I have asked many people and finally found an answer from a friend then confirmed it with an internet search. In Yiddish she is my makheteynesta.

Along with the joy of knowing the word is the knowledge that it is not negative in any way. In my non Jewish culture MIL and DIL are often words that come pre-loaded with negative connotations. The word "makheteynesta" carries no such burden.

The relationship I have with my Makheteynesta Donna, is our relationship, not my son's nor her daughter's.

"A similar male in-law relationship is called makhuten.
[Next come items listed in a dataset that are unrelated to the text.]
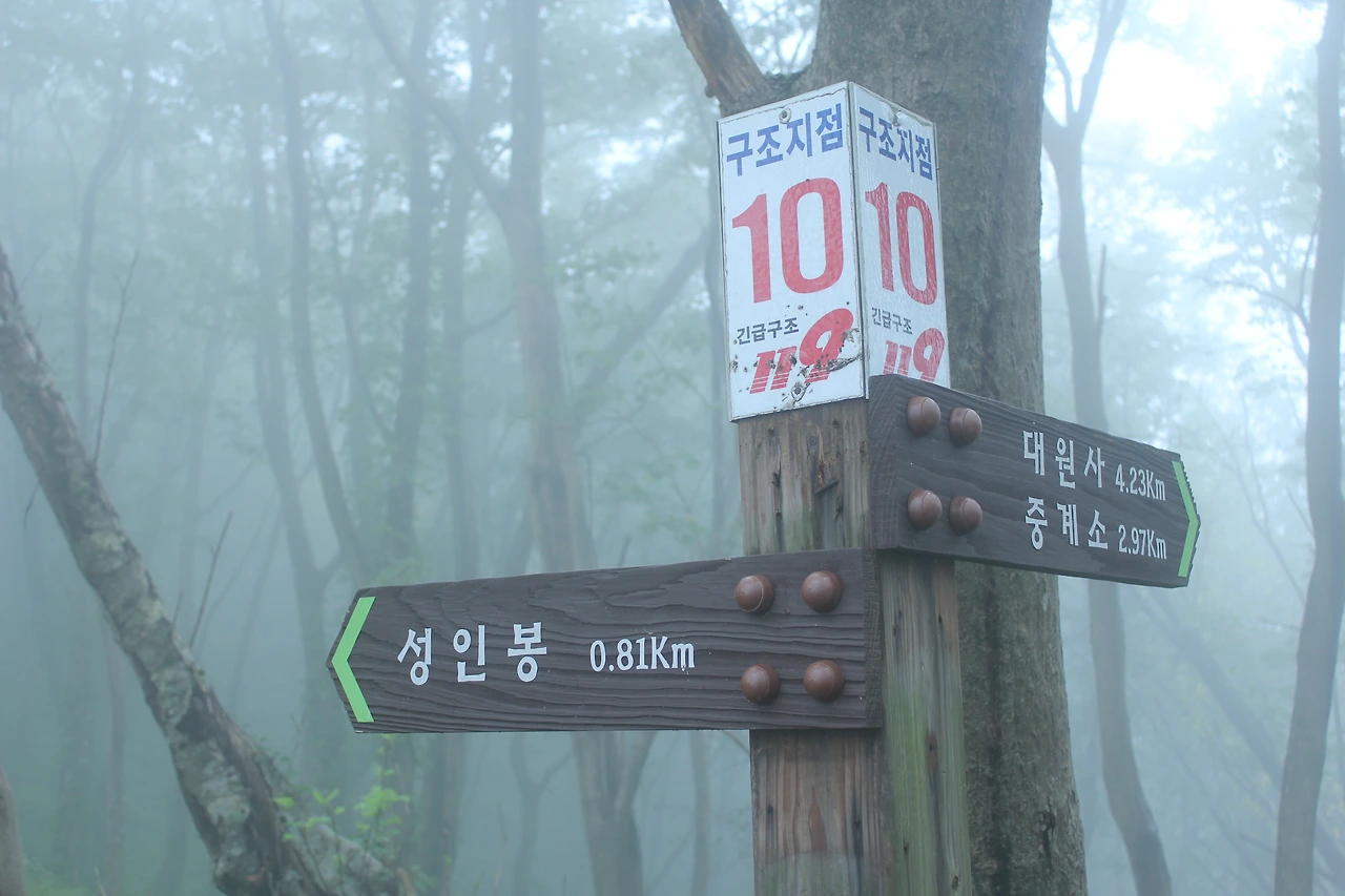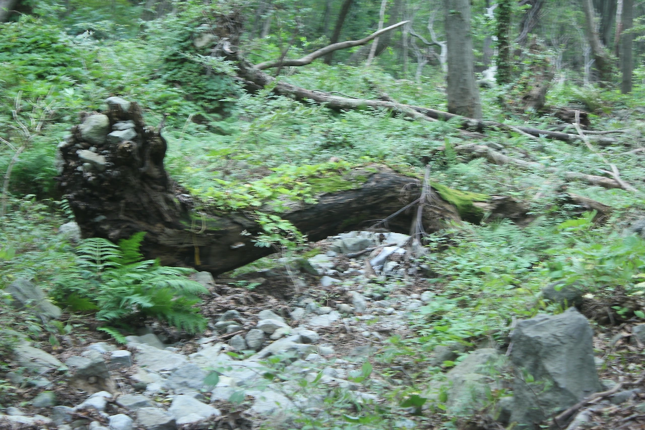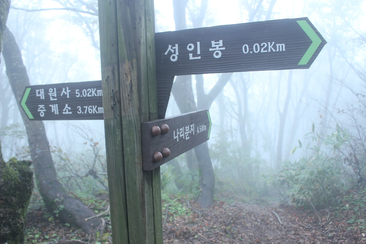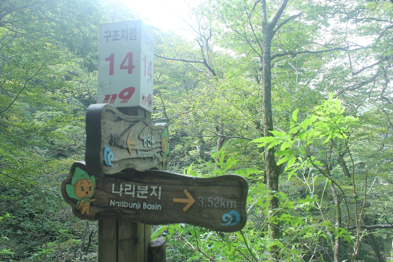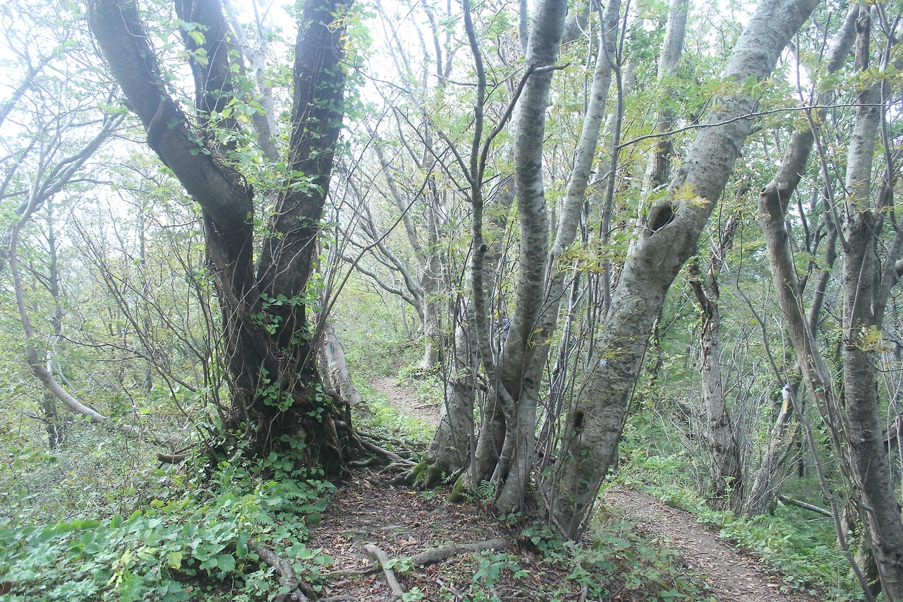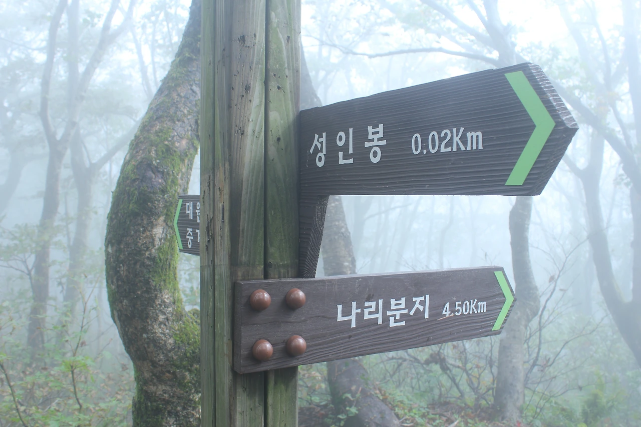 kbs에서 오는 길과 마주치는 삼거리까지 가기 위해 성인봉 방향으로 내 키보다 더 높은 조릿대를 헤치며 보이지 않는 밀림을 한 시간쯤 달리다 지칠 때쯤 드디어 나타나는 '삼거리', 그곳으로 부터는 정리정돈되어있는 길이라 수월하게 올라간다.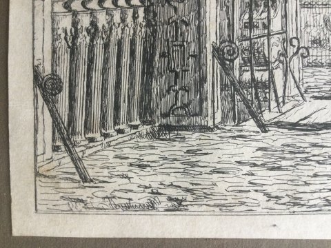 Thorald Læssøe (1816-78): Indkørselsporten på Vallø Slot 1839. Radering på papir. Sign.: Thorald Læssøe 1839 (Spejlvendt i trykket) 18x21 (25x28)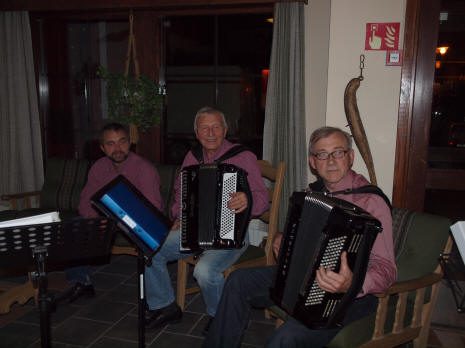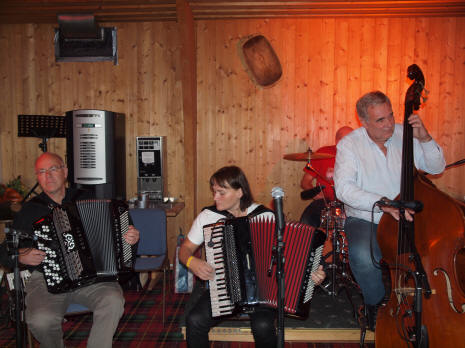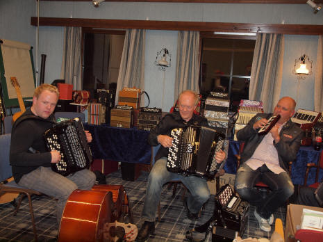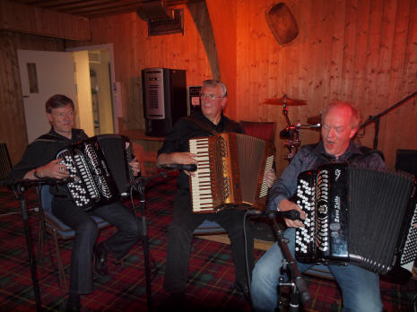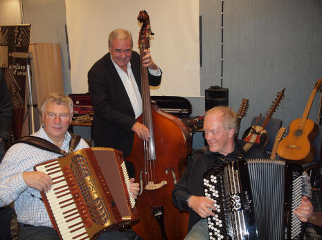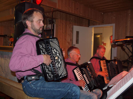 | Aage Sogn's orkester - f.v. Helge Hysjulien, Oddvar Fingarsen og Aage Sogn selv | Geir Aage Sogn på kontrabass må oppleves. Stillbilder kan ikke på noen måte gjengi hans scenefremtreden ;-)) |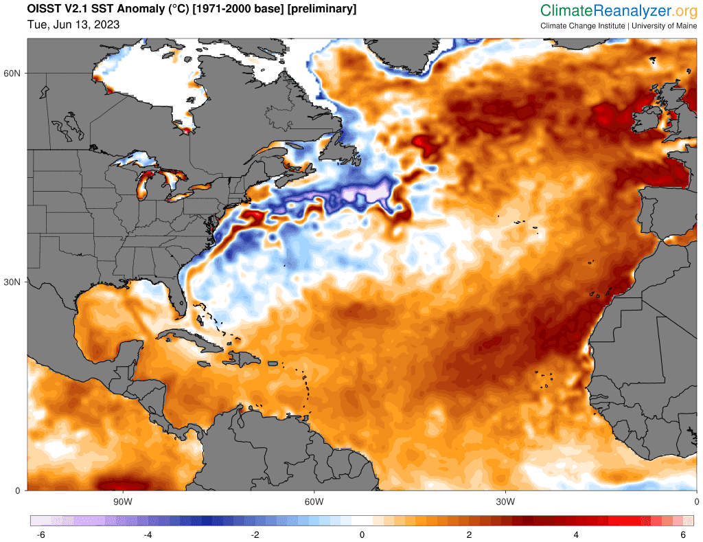 Anomalie de la température de l'eau de mer en surface sur l'Atlantique au mardi 13 juin 2023 - via climatereanalyzer.org

Otherwise, in English, the same problems exist for both sexes; men experience an analogous lack of appropriate verbal identifiers."1

The "plural covering both sexes"1 or as one source said, "the entire extended family" 2 is makhetunim.

In Conclusion:

  • "makheteneste your daughter or son's mother-in-law" 2
  • "machuten (mekhutn) your daughter or son's father-in-law" 2
  • "makhetunim your spouse's extended family" 2or your daughter or son's in-laws 1

SOURCES online:
1 http://www.drexel.edu/doj/archives/2002/essay/kotzin_callherrose.asp
2 http://www.asinine.com/essays/yiddish.html

The spelling variations are as appeared in the original sources.

DejaMorgana has a wonderful alternative affine which is a bit easier to pronounce although still, it is Latin! I think the best may be "Law-Kin" which I just found in a book written in the 60s by a lady from the US south but about gardening in Vermont. I'm not sure of the origin, southern or New England but I LIKE that word! She defines it as one's childrens' inlaws.